We’re all terrible people with angry jealous souls that want nothing more than to be with the ones we love. There’s this feeling in the pit of my stomach that gnaws at me every night I end up sleeping alone and I can’t blame anyone but myself and you. We together put me through this every night for weeks on end until the miles become so few that we are one. But the relief is fleeting, for the miles return and the unsettling feeling returns and I can’t help but spend sleepless nights worrying and worrying until my mind is coated in poison and nothing but terrible thoughts travel through my nerves and every inch of my skins itches with anxiety laced with jealousy.
When the miles are gone and we are one, I’m elated. Those appalling feelings cease to exist, but its only temporary. For a brief moment everything is perfect, and that’s how every moment I spend with you feels. Your presence is a divine gift but your absence is a living hell. I can carry the weight of all of this anxiety but I can only carry it for so long before the weight of it all comes crashing down and breaks my back. I see you and me together and that’s all I ever see and when we aren't together and nothing until we are reunited and then I just see us and I can't get out of this continuous mindset.
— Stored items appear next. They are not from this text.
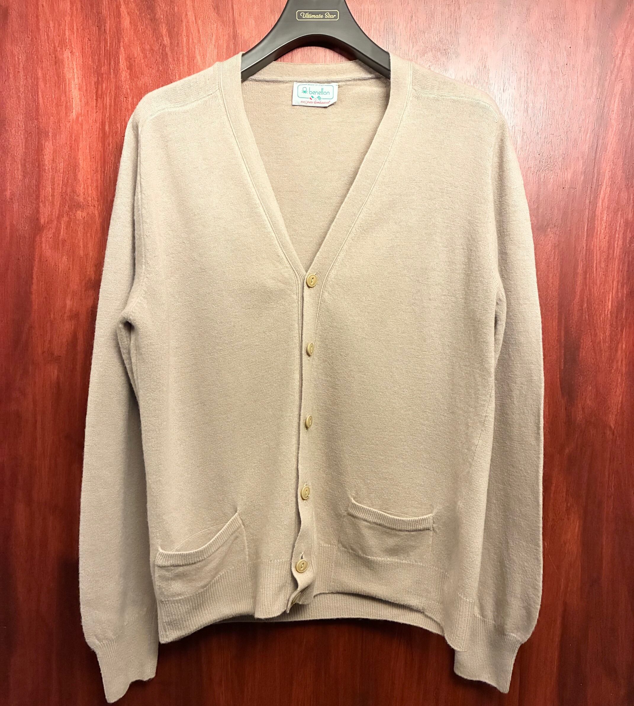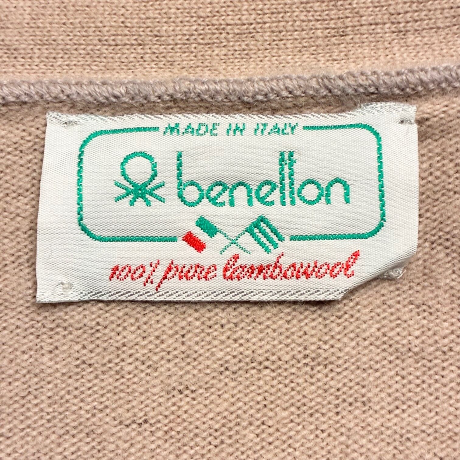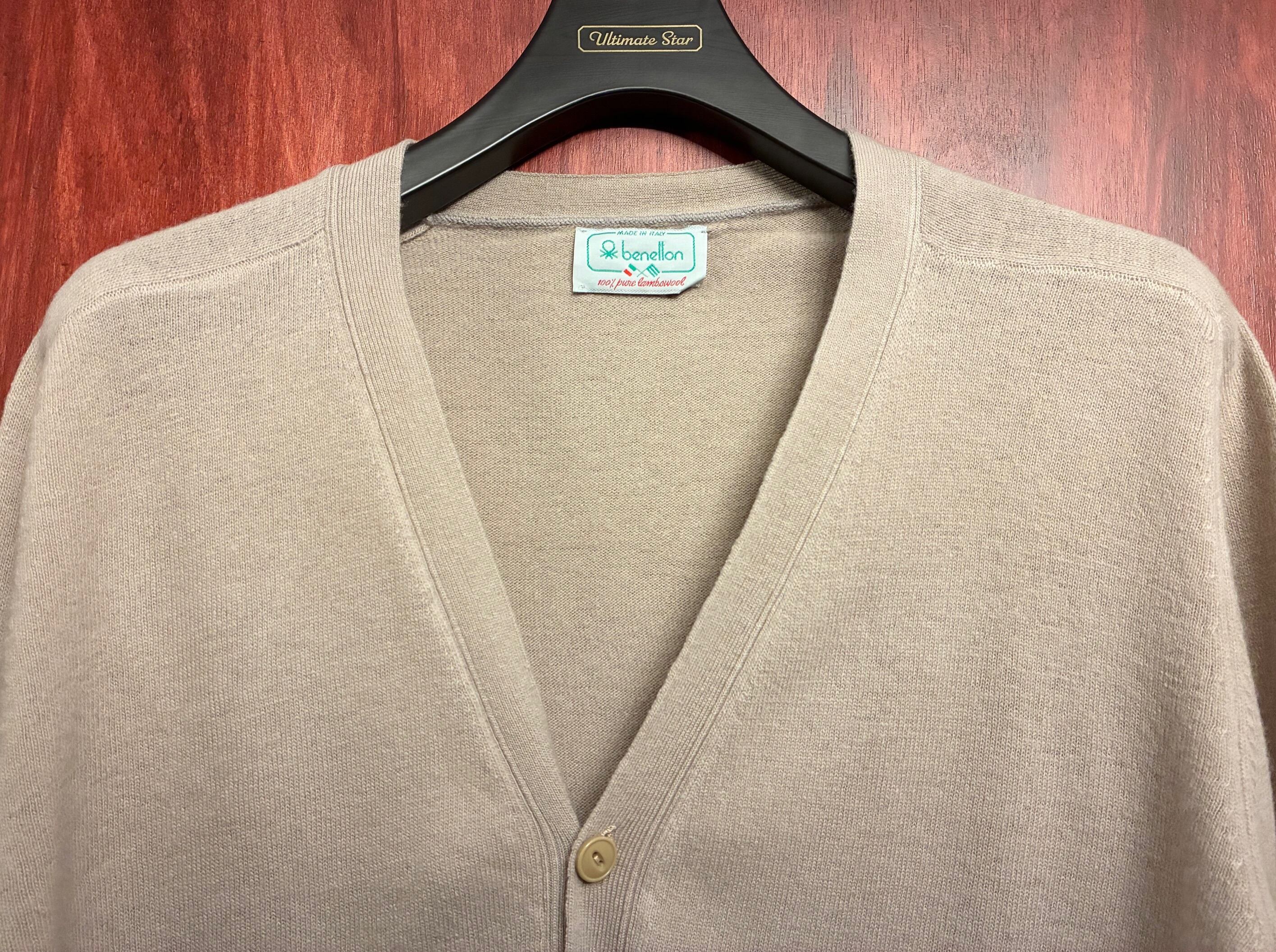MADE IN ITALY製 80s UNITED COLORS OF BENETTON ラムウールカーディガン ベージュ 48サイズ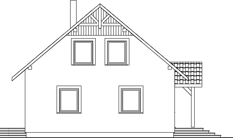 Konstrukcja szkieletowa z drewna czterostronnie struganego, suszonego komorowo klasy C-24. (U=0,10 W/m2*K). Strop: drewniany, belkowy. Pokrycie dachu: gonty / dachówka / blacha.
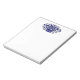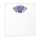 Un bloc-notes avec de l'art vintage en bois d'un panier de marguerites et autres fleurs en bleu et blanc.

These thoughts keep repeating themselves in my head, playing out and projecting themselves on the movie screen for everyone to see, and I don’t even charge admission but I should because if I don’t get to profit off of my emotions than why the fuck am I doing this to myself?
But at the end of it all, all it takes is a 50 second phone call to make everything better, and I can rest for the day and no longer worry about anything. No matter what you have this power about you to diffuse all those negative emotions.